More compelling still, the justices put these precepts in historical context. The 14th Amendment, drafted in the immediate aftermath of a rebellion carried out under the bogus “states’ rights” banner, was at its core a rebalancing of power between the states and the federal government — to limit the former and strengthen the latter. “It would be incongruous,” they pointed out, “to read this particular Amendment as granting the States the power — silently no less — to disqualify a candidate for federal office.”
To be sure, the court’s unanimity was not perfect. In a disgruntled joint concurring opinion, liberal justices Sonia Sotomayor, Elena Kagan and Ketanji Brown Jackson took their conservative colleagues to task for declining to limit their rationale to federalism. Instead, the court’s majority opinion went on to say that nobody can enforce Section 3 against anybody without an act of Congress detailing whom the provision disqualifies.

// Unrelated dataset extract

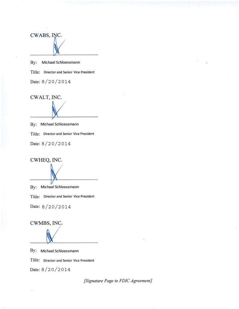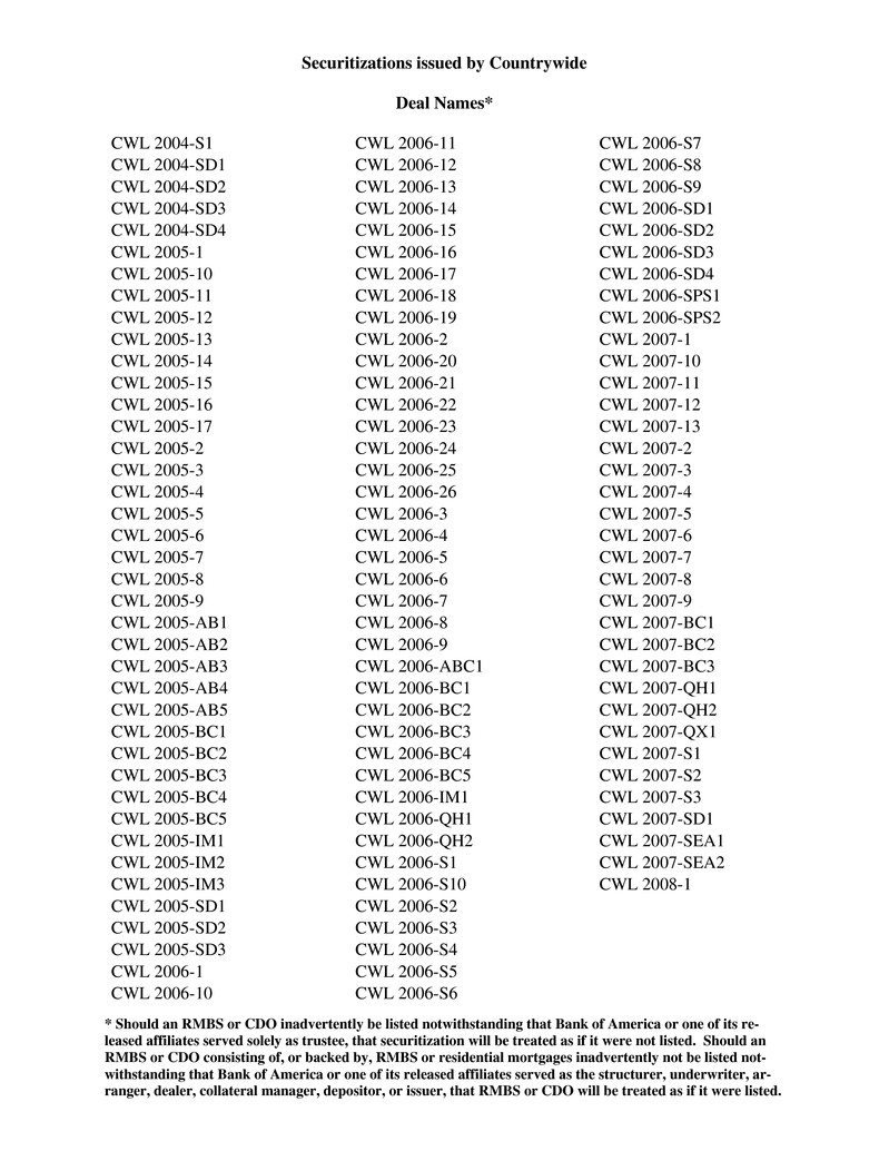 Securitizations issued by Countrywide Deal Names* * Should an RMBS or CDO inadvertently be listed notwithstanding that Bank of America or one of its re- leased affiliates served solely as trustee, that securitization will be treated as if it were not listed. Should an RMBS or CDO consisting of, or backed by, RMBS or residential mortgages inadvertently not be listed not- withstanding that Bank of America or one of its released affiliates served as the structurer, underwriter, ar- ranger, dealer, collateral manager, depositor, or issuer, that RMBS or CDO will be treated as if it were listed. CWL 2004-S1 CWL 2004-SD1 CWL 2004-SD2 CWL 2004-SD3 CWL 2004-SD4 CWL 2005-1 CWL 2005-10 CWL 2005-11 CWL 2005-12 CWL 2005-13 CWL 2005-14 CWL 2005-15 CWL 2005-16 CWL 2005-17 CWL 2005-2 CWL 2005-3 CWL 2005-4 CWL 2005-5 CWL 2005-6 CWL 2005-7 CWL 2005-8 CWL 2005-9 CWL 2005-AB1 CWL 2005-AB2 CWL 2005-AB3 CWL 2005-AB4 CWL 2005-AB5 CWL 2005-BC1 CWL 2005-BC2 CWL 2005-BC3 CWL 2005-BC4 CWL 2005-BC5 CWL 2005-IM1 CWL 2005-IM2 CWL 2005-IM3 CWL 2005-SD1 CWL 2005-SD2 CWL 2005-SD3 CWL 2006-1 CWL 2006-10 CWL 2006-11 CWL 2006-12 CWL 2006-13 CWL 2006-14 CWL 2006-15 CWL 2006-16 CWL 2006-17 CWL 2006-18 CWL 2006-19 CWL 2006-2 CWL 2006-20 CWL 2006-21 CWL 2006-22 CWL 2006-23 CWL 2006-24 CWL 2006-25 CWL 2006-26 CWL 2006-3 CWL 2006-4 CWL 2006-5 CWL 2006-6 CWL 2006-7 CWL 2006-8 CWL 2006-9 CWL 2006-ABC1 CWL 2006-BC1 CWL 2006-BC2 CWL 2006-BC3 CWL 2006-BC4 CWL 2006-BC5 CWL 2006-IM1 CWL 2006-QH1 CWL 2006-QH2 CWL 2006-S1 CWL 2006-S10 CWL 2006-S2 CWL 2006-S3 CWL 2006-S4 CWL 2006-S5 CWL 2006-S6 CWL 2006-S7 CWL 2006-S8 CWL 2006-S9 CWL 2006-SD1 CWL 2006-SD2 CWL 2006-SD3 CWL 2006-SD4 CWL 2006-SPS1 CWL 2006-SPS2 CWL 2007-1 CWL 2007-10 CWL 2007-11 CWL 2007-12 CWL 2007-13 CWL 2007-2 CWL 2007-3 CWL 2007-4 CWL 2007-5 CWL 2007-6 CWL 2007-7 CWL 2007-8 CWL 2007-9 CWL 2007-BC1 CWL 2007-BC2 CWL 2007-BC3 CWL 2007-QH1 CWL 2007-QH2 CWL 2007-QX1 CWL 2007-S1 CWL 2007-S2 CWL 2007-S3 CWL 2007-SD1 CWL 2007-SEA1 CWL 2007-SEA2 CWL 2008-1

The three liberals called this judicial overreach, designed to “insulate this Court and petitioner” from future political firestorms.
They have a point: The 14th Amendment is far from clear on the matter, and Section 3 does become harder to employ if only Congress can do so. The court leaves no room for Congress to refuse to certify the election of an alleged insurrectionist, for instance, and no room for courts to consider lawsuits against a president or their appointees on the grounds that they’ve been improperly installed. Justice Amy Coney Barrett, a Trump appointee, agreed with the liberals. What she objected to, however, in a short concurrence that read more like a blog post than a legal opinion, was the “stridency” with which the three expressed their quibble. “All nine Justices agree on the outcome of this case. That is the message Americans should take home.”
Justice Barrett might not be the right messenger — spin is not part of the court’s job description — but it was the right message. This often bitterly divided Supreme Court managed to reach the same bottom line: Whatever else it might do, the 14th Amendment does not authorize states to cull the presidential ballot. It struck a blow both for federalism and for democracy — albeit ironically, given Mr. Trump’s own antidemocratic tendencies. The way to prevent his comeback remains clear: to vote.